This release featured contributions from 13 contributors, 10 of which were completely unaffiliated with VMware. With the exception of myself the most active contributors are not at all affiliated with VMware.

Special Thanks to...

Thanks as well to William Lam for championing our project as well.

This release marks an important step for pyVmomi, most notably the ability to use pyVmomi with vcrpy means we can do much more in-depth and thorough bug reporting for 3rd party developers. It also means that the focus of development can move from infrastructure to feature parity.

More on that next time...


On the topic of Goals and Objectives for pyVmomi

As long as I'm working on the pyVmomi project, its goal will be to become the single best way to talk to vSphere technologies. This is a broad and hard to measure thing, and with luck as VMware technologies evolve, it's also a moving target. Once we arrive at one location there will be a new version to sail toward. In order to steer accurately, we must set a course by some kind of metaphorical guiding star, and this is what objectives are meant to be.

While the goal is the destination we are sailing our metaphorical ship toward, our near-term objectives are the metaphorical stars we choose to help guide us toward that goal. Just as sailing a ship may require course corrections, which implies choosing different stars; so too might managing a project require course corrections which implies choosing different near term objectives. When we course-correct ourselves, our projects, our teams, or our careers, we are changing the objectives much as a ship navigator might choose a different guiding star at different times during a ships journey toward a distant destination.

In common parlance, the terms goal and objective are virtually synonymous but it makes sense to make a distinction between them when we're talking about conducting the daily business of building software. Being "the best" is kind of hard to measure, it implies quality, adaptiveness, and nimbleness in the library as well as a breadth of uses for the library. This requires us to choose some guiding stars with wisdom.

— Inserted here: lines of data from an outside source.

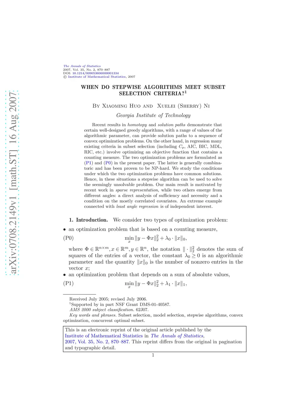 Recent results in homotopy and solution paths demonstrate that certain well-designed greedy algorithms, with a range of values of the algorithmic parameter, can provide solution paths to a sequence of convex optimization problems. On the other hand, in regression many existing criteria in subset selection (including , AIC, BIC, MDL, RIC, etc.) involve optimizing an objective function that contains a counting measure. The two optimization problems are formulated as (P1) and (P0) in the present paper. The latter is generally combinatoric and has been proven to be NP-hard. We study the conditions under which the two optimization problems have common solutions. Hence, in these situations a stepwise algorithm can be used to solve the seemingly unsolvable problem. Our main result is motivated by recent work in sparse representation, while two others emerge from different angles: a direct analysis of sufficiency and necessity and a condition on the mostly correlated covariates. An extreme example connected with least angle regression is of independent interest.
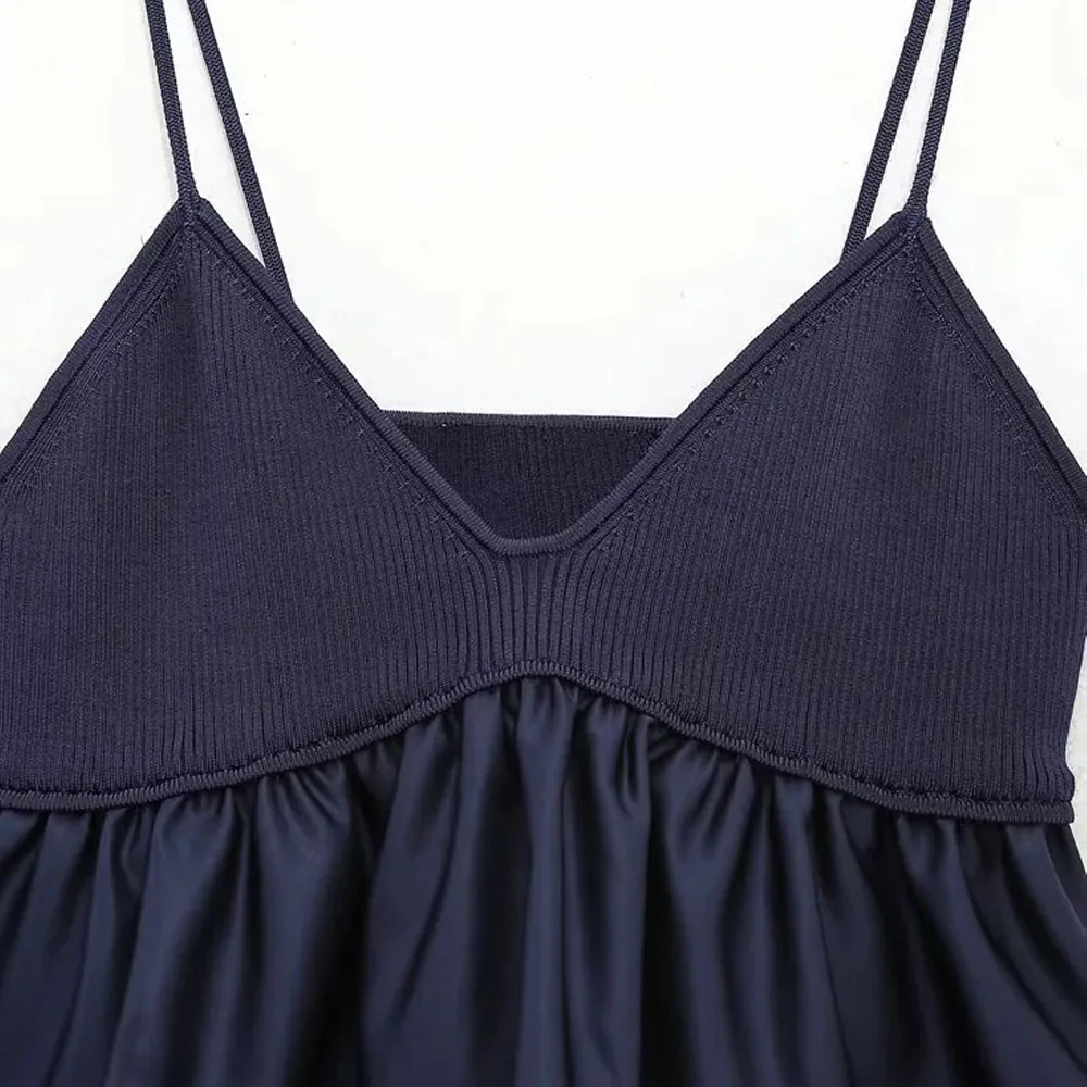 MUJER Blue Crop Top Women Ruffle Knitted Camis Top Woman Off Shoulder Corset Top Female Streetwear Backless Women’s tube top
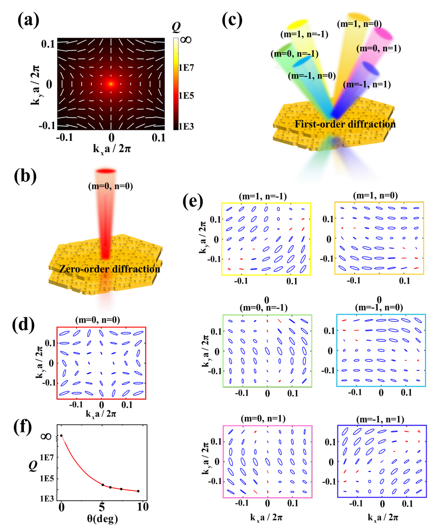 在旋转双层光子晶体板后,新形成的moiré原胞的周期显著增大。在这种情况下,除了零阶衍射通道外,moiré光子态还会存在其它高阶衍射通道,如图2(b)和图2(c)所示。为了分析不同衍射通道的远场辐射特性,研究人员计算了零阶和一阶衍射通道的远场偏振态,如图2(d)和图2(c)所示。从图中可以看出,由于上下对称性的破缺,moiré光子晶体的零阶远场偏振态由线偏振态变为椭圆偏振态。此外,零阶衍射通道Γ点仍对应远场偏振奇点。但是对于其它的一阶衍射通道,Γ点存在形式不同的远场偏振态。上述结果说明moiré布里渊区中心(Γ点)的本征模式可以与光子连续能谱发生耦合,形成具有有限品质因子的泄漏光子态。
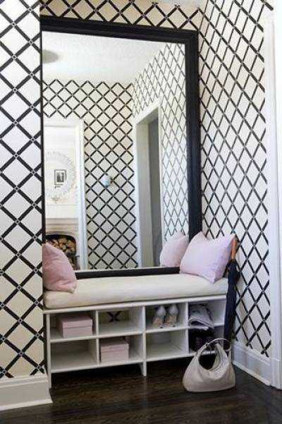 Важным предметом в прихожей, является зеркало. Его можно повесить, как на стену, так и расположить на межкомнатной двери, такой ход, позволит увеличить пространство. Большого количества зеркал в прихожей, стоит избегать, иначе ваши гости потеряются в ней, приняв за туннель.

How do you design a library for these attributes? How do you pick the correct guiding stars?

A little philosophy

A little philosophy is necessary to guide how we go about setting our objectives to achieve our goals. Just a little philosophy is necessary, too much and we spend our days navel gazing, too little and we flail about wildly wondering why we work so hard and accomplish so little. Regular periods of slack followed by pressure are best for this. Creativity can only come when you are free to explore but productivity only really truly solidifies itself under threat of deadline.

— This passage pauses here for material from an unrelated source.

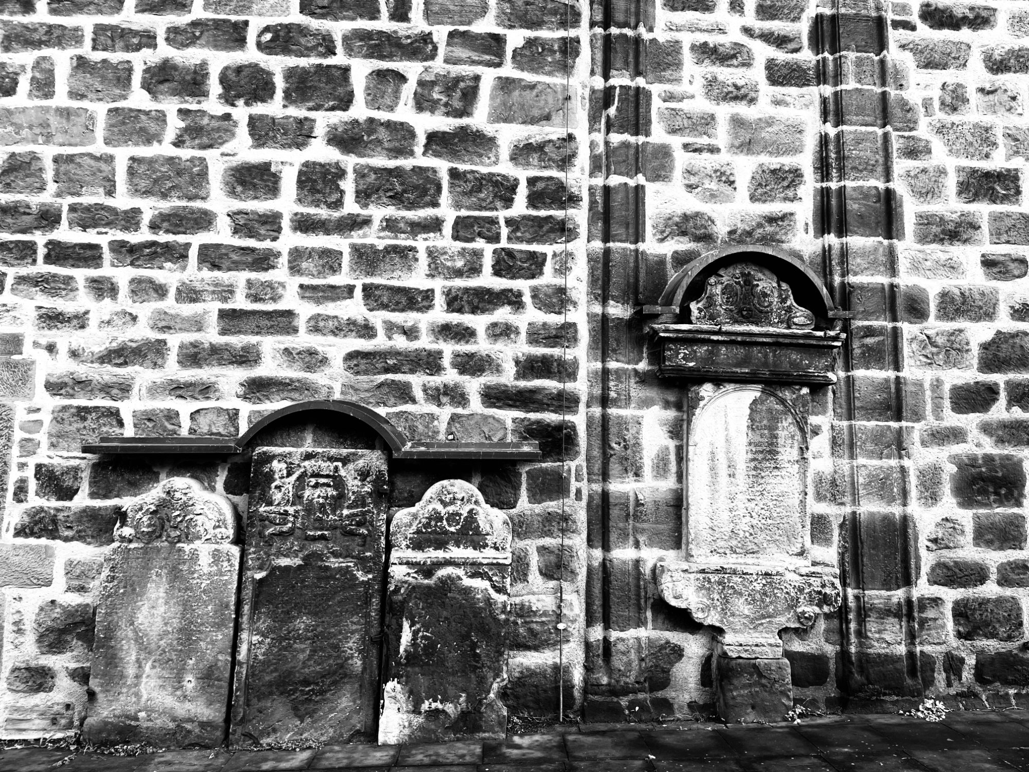 Das Epitaph im südlichen Seitenschiff der Familie Hans Motz von 1594, der Vater mit fünf Söhnen und die Mutter mit sechs Töchtern. Zu sehen ist ein Tafelbild mit der Grablegung Christi und der Kreuzabnahme.

So what are some philosophies I could hold in this case?

A few contrary points of view

I might think that audience size is the best measure of project success. That might mean I would have less priority on other aspects of the software and more on things that make the software appeal to a wide audience. In other words, a bug's priority only matters as a measure of the number of new users it can net.

Examples of projects guided by this principle to the exclusion of others might include things like PHP. The design choices in PHP were early on driven by getting broad adoption and rapidly securing mind-share. Very little time was spent thinking about the long-term impact of design decisions. The result is PHP is the most successful programming language (in its niche) of all time and one of the most hated.

I might choose to believe that 'feature count' was a better measure for project success. If I believed that cranking out code was the way to 'get stuff done', then I would probably believe that anything that got in your way of 'getting stuff done' was a waste of time. That would probably mean I would be after the largest volume of code in the shortest amount of time. More code means more function right?

The problem with this is feature creep. If you want to keep a light nimble software project that can respond quickly to changes in its environment a small modular project is best. You keep the project itself small or suffer the consequences. There's usually an 80/20 rule for features and following it can result in faster release cycles.

After years of working on software systems big and small, with tiny audiences and accidental audiences of millions, I've come to believe a few things.

In Generalities

 I feel that the competition between Xbox versus Playstation in the marketplace is a good case-study of these philosophical disagreements in action. The results have mostly played out in the marketplace for us all to study. If we take a lesson from this history we might be able to improve our own state of practice.

In 2012 it was hard to tell if there was a marketplace winner in the video game console market. The three top video game consoles of the time period had traded top position on various metrics repeatedly but by Q2 2014 there is a clear winner in market sales (only time will tell if this is a permanent state of affairs).

Sony had always invested in a complete engineering package for its consoles and frequently talked about 10 year plans with its ecosystem. Ironically, this same business strategy had failed them before. When it came to BetaMax versus VHS this same strategy of 'technical superiority' did not pay off, however, and that's a cautionary tale. The entire engineering process matters.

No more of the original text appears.